Saturday, July 14, 2007

My Seven Rules Of Driving In San Antonio

Possibly a part one. Depends if I can think of more or not. Obviously our city needs some help with the following:

1. When driving, keep in mind that the turn signal is there for a reason. It is not there for decoration, nor is it there to play around with. You, the driver, are supposed to use it. I know, it's a wild concept, but bear with me as I break even more scandalous news to you: There are specific cases in which the turn signal is to be used! I know, I know, it's shocking, but here's the deal -- whenever you're about to turn, either right or left, or whenever you want to change lanes, you are supposed to use the turn signal to indicate which side/lane you want to turn onto or into, the right or the left, before you actually do it. That way all the other drivers around you know what it is you're going to do before you actually do it.

2. Another shocking concept is this: There actually exists a "slow" and a "fast" lane on roads that consist of more than one lane. Let me help you out here just in case you've never heard of this before -- if you are on the left or "inner" lane (according to my mom it's the "inner" lane), you are supposed to go fast, and if you are on the right or "outer" lane, you are supposed to go slower. (Though not too slow, not if there isn't a lot of traffic around.) If you cannot bear the thought of going over 40 miles per hour, by all means stick to the right lanes of all main thoroughfares unless you need to turn left, and even then only switch over when you see the need for you to. Also, even though you're in the "slow" lane, don't take up half a minute just to turn right. Little old ladies with arthritic hands and joints don't even take but (usually) five seconds to turn, so any more than that is inexcusable unless, once again, unavoidable traffic tieups prohibit you from going any faster.

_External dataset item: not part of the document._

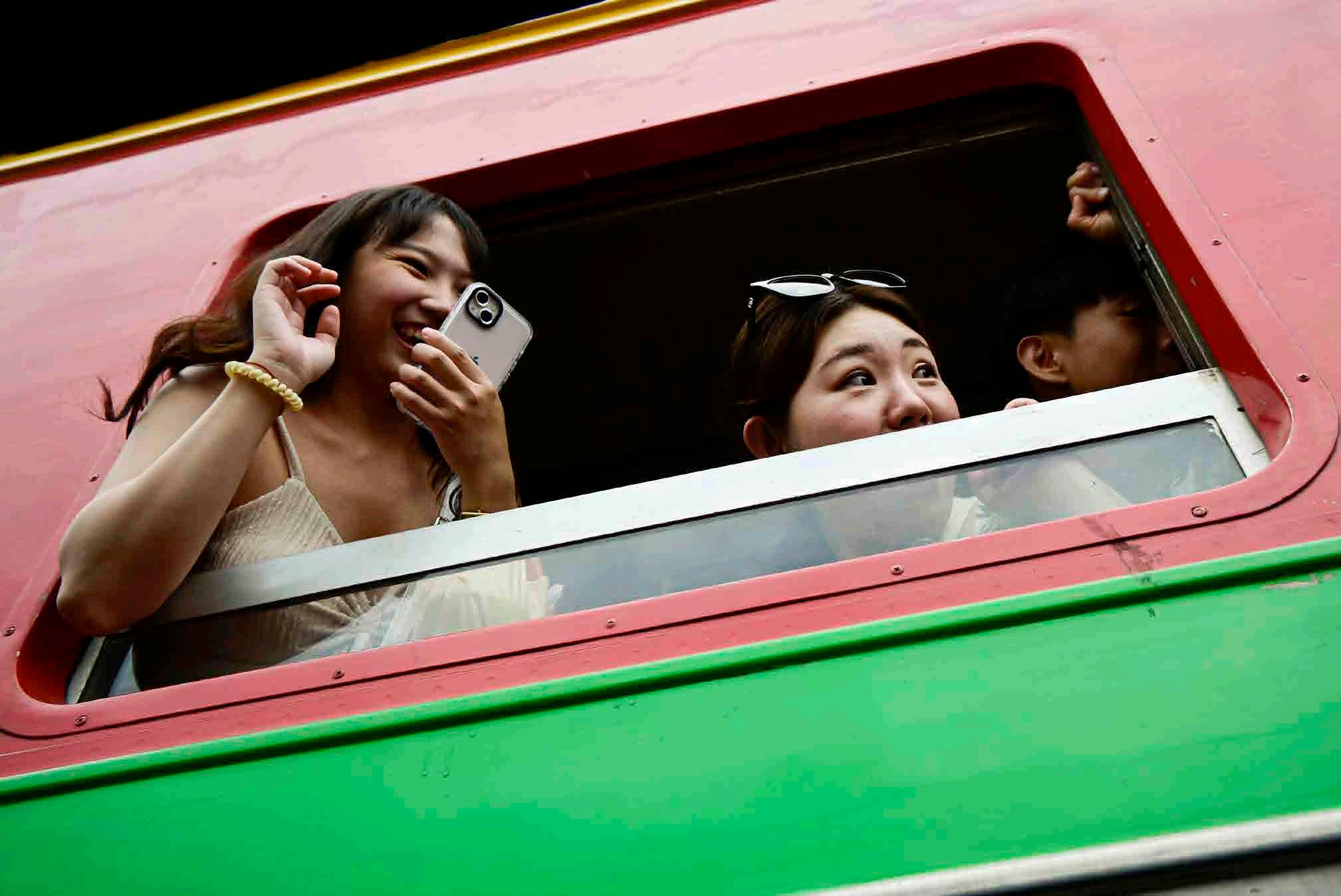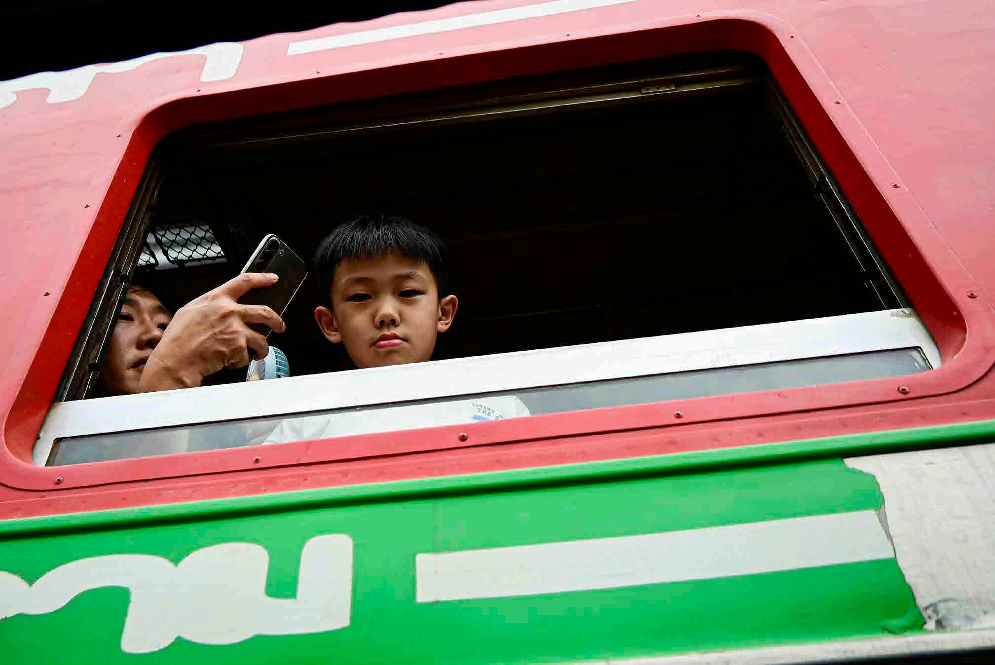 O trem passa tão perto - e também tão devagar - que é possível encostar nele, como faz o menino acima. Essa proximidade é um evento empolgante não só para centenas de turistas que se apinham junto aos trilhos e dentro do próprio trem (à direita), mas também para os locais que pausam suas vendas por alguns instantes.

3. Pay attention to the road ahead as you drive. I am not going to have a shred of sympathy for you if you discover suddenly that the lane you are driving on is being closed at a certain point for the all-too ubiquitous road construction, and there were enough clear markings ahead to where even a half-blind octagenarian could've spotted the orange road blocks. You feel the need to switch over to the neighboring lane (which I've worked my way in) and I myself have seen how unmistakable that close-off is? Too bad, asswipe. You're just going to have to sit there and hope some overmushy sap lets you in before Ursula Pari and Steve Spriester have said good night. And yes, I am aware that sometimes there are occasions when road construction just sneaks up on you, and yes, I will take pity on you if I know that's the case. But really, there is no excuse for either accidentally or willfully ignoring what can easily be seen from a great distance.

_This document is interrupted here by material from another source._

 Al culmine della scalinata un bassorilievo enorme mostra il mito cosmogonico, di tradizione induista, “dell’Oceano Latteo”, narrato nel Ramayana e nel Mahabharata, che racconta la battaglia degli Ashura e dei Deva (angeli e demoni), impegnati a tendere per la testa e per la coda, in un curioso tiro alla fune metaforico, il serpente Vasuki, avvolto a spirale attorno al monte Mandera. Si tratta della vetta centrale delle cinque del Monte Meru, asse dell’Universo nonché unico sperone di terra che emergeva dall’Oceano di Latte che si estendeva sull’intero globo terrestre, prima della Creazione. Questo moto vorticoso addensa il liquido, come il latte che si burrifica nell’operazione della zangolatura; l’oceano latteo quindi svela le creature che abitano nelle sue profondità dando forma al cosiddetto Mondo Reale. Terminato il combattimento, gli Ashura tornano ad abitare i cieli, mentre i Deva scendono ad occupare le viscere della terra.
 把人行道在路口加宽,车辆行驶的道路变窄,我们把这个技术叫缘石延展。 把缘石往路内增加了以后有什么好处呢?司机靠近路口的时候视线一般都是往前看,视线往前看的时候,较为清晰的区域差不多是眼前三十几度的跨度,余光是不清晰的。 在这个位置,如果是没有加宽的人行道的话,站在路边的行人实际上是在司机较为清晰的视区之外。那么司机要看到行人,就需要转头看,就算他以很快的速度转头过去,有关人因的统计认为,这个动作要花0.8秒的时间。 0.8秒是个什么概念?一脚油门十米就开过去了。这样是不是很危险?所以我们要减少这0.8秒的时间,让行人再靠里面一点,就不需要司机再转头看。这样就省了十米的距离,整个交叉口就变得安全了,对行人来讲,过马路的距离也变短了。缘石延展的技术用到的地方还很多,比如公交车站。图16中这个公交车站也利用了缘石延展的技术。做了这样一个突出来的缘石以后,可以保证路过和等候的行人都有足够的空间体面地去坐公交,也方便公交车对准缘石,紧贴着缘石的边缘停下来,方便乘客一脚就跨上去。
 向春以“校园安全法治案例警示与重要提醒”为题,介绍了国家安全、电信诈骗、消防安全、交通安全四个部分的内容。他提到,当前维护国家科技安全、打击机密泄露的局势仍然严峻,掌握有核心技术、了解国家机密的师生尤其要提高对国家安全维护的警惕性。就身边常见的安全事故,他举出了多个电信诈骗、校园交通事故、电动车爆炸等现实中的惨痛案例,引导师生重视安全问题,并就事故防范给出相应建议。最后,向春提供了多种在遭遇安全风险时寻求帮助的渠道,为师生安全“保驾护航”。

4. No, you may not cut ahead of me. See that little rule about using the turn signal? If you exhibit even the slightest bit of persistence in using it when trying to get in front of me while I'm in a neighboring lane, I will let you in, even if I'm 35 minutes in to a 45-minute commute. But don't expect to rudely and abruptly sideswipe into my lane without me wishing I were a Wiccan into black magick, so I could cast a multitude of wicked spells upon you. BTW, I've noticed this condition persists mostly amongst rich old bastards and bags who parade about in luxury vehicles, usually BMWs, Mercedes, or Lexuses, who almost invariably have multiple bumper stickers plastered on in support of the current Bush administration. Suffice it to say, that's one stereotype that's actually true.

5. If you are the first vehicle waiting at a red light in the "slow lane" and there are people immediately in back of you who are showing, via their turn signals, that they want to turn right, don't be a lane hog and just sit there, being ignorant to those individuals' needs/wants. If you have enough room, move in closer to the left so the other cars can squeeze past and turn right. This will shorten the length and time of the overall queue and will get a whole lot more people thanking you and blessing you anonymously. Also, if you've absent-mindedly left the right turn signal on and you're stopped where one might very well turn right, don't be surprised when the people behind you who actually wanted to turn right flip you off and wish a prolonged and painful death upon you.

6. In cases where there is more than one lane to turn, turn where that lane leads you to turning. Don't gatecrash into another lane altogether without expecting a bunch of individuals who were actually following this particular rule to daydream about feeding you to the lions at the zoo. Why? Because that too is tantamount to cutting in line. Now, if for some reason you're lost to the point where you do feel the need to do that particular action, slow down as you approach the lane you're supposed to be in, then execute the turn signal and hope that someone will be kind enough to let you in. That will be okay. But sliding your way in? Oh no, that ain't going to happen if I have something to do with it.

7. White people: Stop driving around with your convertibles open in the middle of a typical 100-degree (Fahrenheit) summer. It just makes the rest of us annoyed and casts you as the subject of endless ridicule.